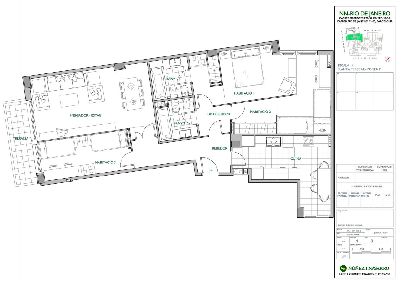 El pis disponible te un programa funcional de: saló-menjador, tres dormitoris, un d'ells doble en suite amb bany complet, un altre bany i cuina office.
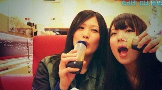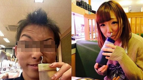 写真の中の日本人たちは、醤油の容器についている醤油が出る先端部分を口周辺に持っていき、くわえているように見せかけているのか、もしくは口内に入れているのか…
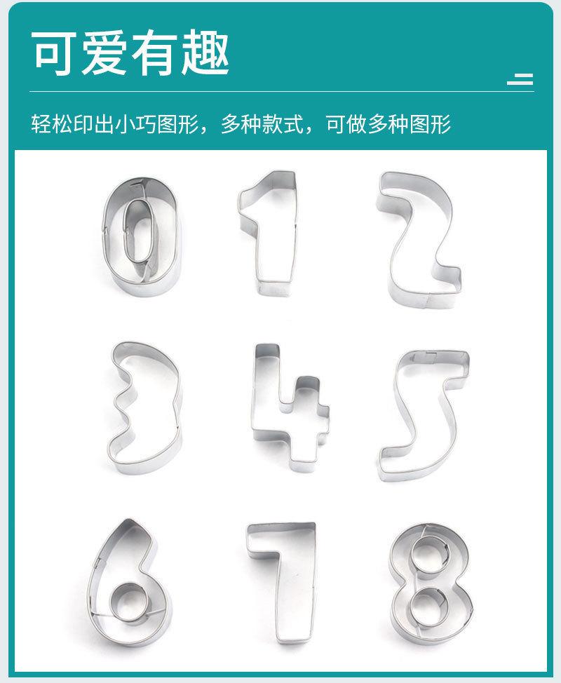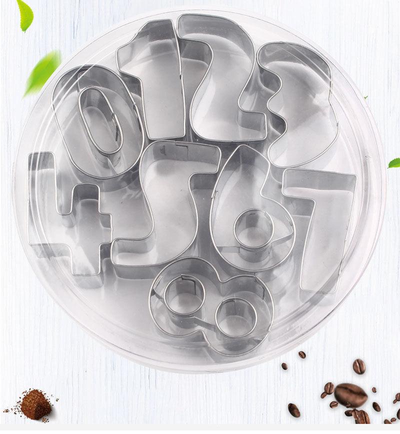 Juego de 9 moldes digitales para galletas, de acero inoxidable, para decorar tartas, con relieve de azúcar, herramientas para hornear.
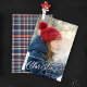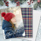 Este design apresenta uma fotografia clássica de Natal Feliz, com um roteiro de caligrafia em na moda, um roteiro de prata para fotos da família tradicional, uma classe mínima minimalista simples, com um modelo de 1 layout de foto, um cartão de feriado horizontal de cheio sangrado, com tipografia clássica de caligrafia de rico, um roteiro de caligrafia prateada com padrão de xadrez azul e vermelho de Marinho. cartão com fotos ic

...

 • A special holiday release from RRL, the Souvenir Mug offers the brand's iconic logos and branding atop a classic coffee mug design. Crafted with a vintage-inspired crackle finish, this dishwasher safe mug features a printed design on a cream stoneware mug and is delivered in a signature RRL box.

- YOUR OBJECTIVE
For the entries above, print exactly the lines between the one with "El pis disponible" and the one with "Este design apresenta", inclusive, with no pictures.

- REPLY
 El pis disponible te un programa funcional de: saló-menjador, tres dormitoris, un d'ells doble en suite amb bany complet, un altre bany i cuina office.
 写真の中の日本人たちは、醤油の容器についている醤油が出る先端部分を口周辺に持っていき、くわえているように見せかけているのか、もしくは口内に入れているのか…
 Juego de 9 moldes digitales para galletas, de acero inoxidable, para decorar tartas, con relieve de azúcar, herramientas para hornear.
 Este design apresenta uma fotografia clássica de Natal Feliz, com um roteiro de caligrafia em na moda, um roteiro de prata para fotos da família tradicional, uma classe mínima minimalista simples, com um modelo de 1 layout de foto, um cartão de feriado horizontal de cheio sangrado, com tipografia clássica de caligrafia de rico, um roteiro de caligrafia prateada com padrão de xadrez azul e vermelho de Marinho. cartão com fotos ic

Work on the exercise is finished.